Как только мистер Ратклифф вышел из комнаты, она заперла дверь на задвижку, а сама вышла через другой ход, ведший из ее спальни прямо на лестницу, и спустилась в сад.

По пути она почувствовала сильное искушение воротиться назад и не соглашаться на такой отчаянный и необыкновенный поступок. Но, проходя мимо двери, ведшей с заднего крыльца в капеллу, она услышала голоса служанок, занятых там чисткой и убранством.

– Замуж выдают, как же! Да за кого выдают-то! Ну уж, нечего сказать! Хуже-то не нашли?

– За кого угодно, только бы не за этого!

«Они правы, вполне правы, – подумала мисс Вэр, – только бы не за этого».
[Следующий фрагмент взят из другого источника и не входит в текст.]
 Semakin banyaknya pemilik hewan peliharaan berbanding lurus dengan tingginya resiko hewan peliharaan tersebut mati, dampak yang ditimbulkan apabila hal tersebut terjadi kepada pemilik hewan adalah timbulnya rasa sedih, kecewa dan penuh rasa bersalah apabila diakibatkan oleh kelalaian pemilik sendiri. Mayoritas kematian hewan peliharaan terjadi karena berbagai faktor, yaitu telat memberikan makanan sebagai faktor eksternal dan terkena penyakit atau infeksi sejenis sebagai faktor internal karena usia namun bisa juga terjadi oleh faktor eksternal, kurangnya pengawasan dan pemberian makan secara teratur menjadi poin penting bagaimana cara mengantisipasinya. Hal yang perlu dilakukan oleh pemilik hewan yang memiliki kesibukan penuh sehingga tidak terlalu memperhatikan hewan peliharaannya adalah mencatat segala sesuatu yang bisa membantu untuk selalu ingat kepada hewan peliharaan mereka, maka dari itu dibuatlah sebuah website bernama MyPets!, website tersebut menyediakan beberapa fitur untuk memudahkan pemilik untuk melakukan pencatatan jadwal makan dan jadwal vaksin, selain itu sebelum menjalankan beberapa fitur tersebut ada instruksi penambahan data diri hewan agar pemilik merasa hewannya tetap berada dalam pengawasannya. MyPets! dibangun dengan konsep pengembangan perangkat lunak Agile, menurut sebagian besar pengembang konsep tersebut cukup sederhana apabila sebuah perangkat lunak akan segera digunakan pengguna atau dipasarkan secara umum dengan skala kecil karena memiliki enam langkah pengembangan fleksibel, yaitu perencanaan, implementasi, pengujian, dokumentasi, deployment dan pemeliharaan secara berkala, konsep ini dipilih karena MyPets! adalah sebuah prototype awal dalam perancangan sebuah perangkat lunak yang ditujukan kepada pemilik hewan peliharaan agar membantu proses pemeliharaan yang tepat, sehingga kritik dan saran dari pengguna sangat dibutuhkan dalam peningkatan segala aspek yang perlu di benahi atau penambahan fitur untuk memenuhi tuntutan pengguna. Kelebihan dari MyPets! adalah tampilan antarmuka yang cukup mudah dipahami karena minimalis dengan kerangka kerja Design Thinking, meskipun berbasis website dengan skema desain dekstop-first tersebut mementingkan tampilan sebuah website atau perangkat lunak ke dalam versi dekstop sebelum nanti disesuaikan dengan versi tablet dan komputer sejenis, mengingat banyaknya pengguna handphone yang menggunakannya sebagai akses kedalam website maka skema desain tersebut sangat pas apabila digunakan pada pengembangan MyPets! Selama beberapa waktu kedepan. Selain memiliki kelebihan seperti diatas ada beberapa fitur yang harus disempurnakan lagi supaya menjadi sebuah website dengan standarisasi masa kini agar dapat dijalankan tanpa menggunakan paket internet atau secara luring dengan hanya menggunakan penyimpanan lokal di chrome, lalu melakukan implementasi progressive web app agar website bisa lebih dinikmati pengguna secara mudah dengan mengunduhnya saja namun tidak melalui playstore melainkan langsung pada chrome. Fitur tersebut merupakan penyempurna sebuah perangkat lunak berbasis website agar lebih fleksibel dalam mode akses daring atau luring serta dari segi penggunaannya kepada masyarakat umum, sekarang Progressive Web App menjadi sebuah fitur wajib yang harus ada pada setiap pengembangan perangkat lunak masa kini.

И она бегом побежала через сад. Мистер Ратклифф, верный своему обещанию, ожидал ее у калитки с двумя оседланными лошадьми, и через несколько минут они скакали по направлению к хижине пустынника.

Пока дорога была ровная, они ехали с такой быстротой, что разговаривать было неудобно, но когда пришлось подниматься на крутую гору и лошади пошли тише, в уме Изабеллы возникли новые опасения.

– Мистер Ратклифф, – сказала она, придерживая лошадь, – я думаю, лучше мне не продолжать путь; эту поездку предприняла я только потому, что сильно была расстроена и не могла обсудить своих поступков. Между тем мне известно, что народ приписывает этому человеку сверхъестественное могущество, основанное будто бы на том, что он находится в сношениях с невидимым миром; я должна предупредить вас, что не верю этим глупостям, а если бы и поверила, то мои религиозные правила воспрещают мне обращаться за помощью к существу этого сорта.

 

– Я полагал, мисс Вэр, что мой образ мыслей и личный характер вам достаточно известны, и что поэтому вы могли бы знать, что я не способен верить в подобные нелепости.

– Но чем же объяснить, – продолжала Изабелла, – что существо, до такой степени жалкое и неимущее, обладает возможностью спасти меня?

– Мисс Вэр, – сказал Ратклифф после минутного раздумья, – я не могу объяснить вам этого, потому что дал торжественную клятву молчать. Не требуйте объяснений, но верьте мне, верьте, что у него есть такая власть, он может вас спасти, если только захочет. А это, я твердо уверен, вполне зависит от вас самих.

– Но вы и сами можете ошибаться, мистер Ратклифф, – сказала мисс Вэр, – а от меня требуете безусловного, слепого доверия.

– Вспомните, мисс Вэр, – возразил он, – что, когда вы, по своему милосердию, просили меня вступиться перед вашим отцом за Хэсуэла и его разоренную семью, вы меня побуждали заставить его сделать нечто такое, что более всего на свете претит вашему родителю, а именно – простить обиду и освободить от штрафа. В то время я поставил условием успеха, чтобы вы не спрашивали, какими путями я его добьюсь. И вы не имели причин раскаиваться в том, что согласились тогда на это условие! Доверьтесь же мне и теперь.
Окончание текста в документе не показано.